▸ TASK PROMPT: In the records below, find the line with "CULTUM高腰双褶复古百慕大短裤男休闲ivy风五分裤子" and the line with "Elevate your wardrobe"; return exactly those lines and every line between them.

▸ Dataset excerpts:
___

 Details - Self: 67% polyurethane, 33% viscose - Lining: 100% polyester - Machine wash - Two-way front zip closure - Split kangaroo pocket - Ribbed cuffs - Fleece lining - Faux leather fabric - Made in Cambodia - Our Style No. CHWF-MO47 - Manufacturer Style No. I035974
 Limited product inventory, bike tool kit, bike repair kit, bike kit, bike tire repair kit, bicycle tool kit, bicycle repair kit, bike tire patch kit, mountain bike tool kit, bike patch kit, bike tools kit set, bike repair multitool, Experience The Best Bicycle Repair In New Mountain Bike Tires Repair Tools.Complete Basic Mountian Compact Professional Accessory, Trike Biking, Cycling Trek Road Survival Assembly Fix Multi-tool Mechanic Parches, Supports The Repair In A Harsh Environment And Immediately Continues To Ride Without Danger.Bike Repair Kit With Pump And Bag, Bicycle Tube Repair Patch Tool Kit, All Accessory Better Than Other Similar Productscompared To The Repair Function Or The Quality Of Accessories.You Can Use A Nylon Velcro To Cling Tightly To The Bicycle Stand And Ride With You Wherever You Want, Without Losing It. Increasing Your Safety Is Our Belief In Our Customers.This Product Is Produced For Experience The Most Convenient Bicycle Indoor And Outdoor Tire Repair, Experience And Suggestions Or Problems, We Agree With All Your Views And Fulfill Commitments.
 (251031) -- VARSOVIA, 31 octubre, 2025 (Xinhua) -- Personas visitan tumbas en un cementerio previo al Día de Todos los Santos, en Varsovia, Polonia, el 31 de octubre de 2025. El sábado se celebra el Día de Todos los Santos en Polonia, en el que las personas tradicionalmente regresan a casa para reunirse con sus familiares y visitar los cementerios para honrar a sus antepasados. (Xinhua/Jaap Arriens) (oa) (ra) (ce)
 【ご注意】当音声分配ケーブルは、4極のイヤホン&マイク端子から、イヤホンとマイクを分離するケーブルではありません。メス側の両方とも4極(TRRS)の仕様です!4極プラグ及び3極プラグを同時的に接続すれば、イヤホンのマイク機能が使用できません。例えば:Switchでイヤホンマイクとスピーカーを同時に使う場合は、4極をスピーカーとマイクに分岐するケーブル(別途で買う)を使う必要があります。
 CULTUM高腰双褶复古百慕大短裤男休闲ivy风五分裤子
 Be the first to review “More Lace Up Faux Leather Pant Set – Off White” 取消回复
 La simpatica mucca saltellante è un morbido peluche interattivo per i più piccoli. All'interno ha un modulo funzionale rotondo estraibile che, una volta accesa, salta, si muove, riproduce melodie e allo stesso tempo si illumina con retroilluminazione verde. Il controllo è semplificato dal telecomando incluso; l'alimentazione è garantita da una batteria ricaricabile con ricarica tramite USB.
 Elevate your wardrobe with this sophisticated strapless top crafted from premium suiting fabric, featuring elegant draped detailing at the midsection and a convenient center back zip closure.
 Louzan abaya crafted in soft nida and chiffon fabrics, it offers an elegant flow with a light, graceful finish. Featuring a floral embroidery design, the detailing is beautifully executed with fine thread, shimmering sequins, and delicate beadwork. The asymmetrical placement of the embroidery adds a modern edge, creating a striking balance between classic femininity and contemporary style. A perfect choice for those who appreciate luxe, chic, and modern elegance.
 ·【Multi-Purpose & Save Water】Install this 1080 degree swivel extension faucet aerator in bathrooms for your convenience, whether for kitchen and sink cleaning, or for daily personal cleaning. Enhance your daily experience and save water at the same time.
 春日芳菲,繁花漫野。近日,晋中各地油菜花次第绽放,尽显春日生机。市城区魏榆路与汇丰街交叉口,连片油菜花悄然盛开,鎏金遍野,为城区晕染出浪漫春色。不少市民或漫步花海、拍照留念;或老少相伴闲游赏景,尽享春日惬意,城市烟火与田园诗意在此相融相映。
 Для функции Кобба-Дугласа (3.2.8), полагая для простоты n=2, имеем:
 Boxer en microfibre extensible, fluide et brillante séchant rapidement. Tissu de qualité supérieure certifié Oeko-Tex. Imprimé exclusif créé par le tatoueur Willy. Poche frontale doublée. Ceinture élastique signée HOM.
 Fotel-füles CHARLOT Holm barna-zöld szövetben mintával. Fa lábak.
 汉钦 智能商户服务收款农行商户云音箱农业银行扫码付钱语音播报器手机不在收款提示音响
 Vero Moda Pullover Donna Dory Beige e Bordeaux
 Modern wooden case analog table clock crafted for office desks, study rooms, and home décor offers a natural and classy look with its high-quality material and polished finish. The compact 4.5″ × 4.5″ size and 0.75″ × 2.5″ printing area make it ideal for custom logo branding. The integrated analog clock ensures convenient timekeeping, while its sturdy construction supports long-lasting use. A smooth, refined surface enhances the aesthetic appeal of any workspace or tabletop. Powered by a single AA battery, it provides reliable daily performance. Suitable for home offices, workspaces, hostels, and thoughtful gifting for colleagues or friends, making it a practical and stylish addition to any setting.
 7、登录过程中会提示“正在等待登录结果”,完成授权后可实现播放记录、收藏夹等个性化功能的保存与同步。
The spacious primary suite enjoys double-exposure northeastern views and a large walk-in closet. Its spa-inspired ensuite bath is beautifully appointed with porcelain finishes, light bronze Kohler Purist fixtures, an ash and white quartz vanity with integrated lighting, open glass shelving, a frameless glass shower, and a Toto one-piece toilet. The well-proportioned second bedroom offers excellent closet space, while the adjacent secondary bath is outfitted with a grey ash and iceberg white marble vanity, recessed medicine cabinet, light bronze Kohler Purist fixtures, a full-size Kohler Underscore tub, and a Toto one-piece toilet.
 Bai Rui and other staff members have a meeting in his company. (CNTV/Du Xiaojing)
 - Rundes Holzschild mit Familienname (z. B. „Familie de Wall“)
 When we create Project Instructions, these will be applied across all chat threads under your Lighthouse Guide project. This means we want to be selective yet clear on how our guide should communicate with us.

___

▸ WRITTEN ANSWER:
 CULTUM高腰双褶复古百慕大短裤男休闲ivy风五分裤子
 Be the first to review “More Lace Up Faux Leather Pant Set – Off White” 取消回复
 La simpatica mucca saltellante è un morbido peluche interattivo per i più piccoli. All'interno ha un modulo funzionale rotondo estraibile che, una volta accesa, salta, si muove, riproduce melodie e allo stesso tempo si illumina con retroilluminazione verde. Il controllo è semplificato dal telecomando incluso; l'alimentazione è garantita da una batteria ricaricabile con ricarica tramite USB.
 Elevate your wardrobe with this sophisticated strapless top crafted from premium suiting fabric, featuring elegant draped detailing at the midsection and a convenient center back zip closure.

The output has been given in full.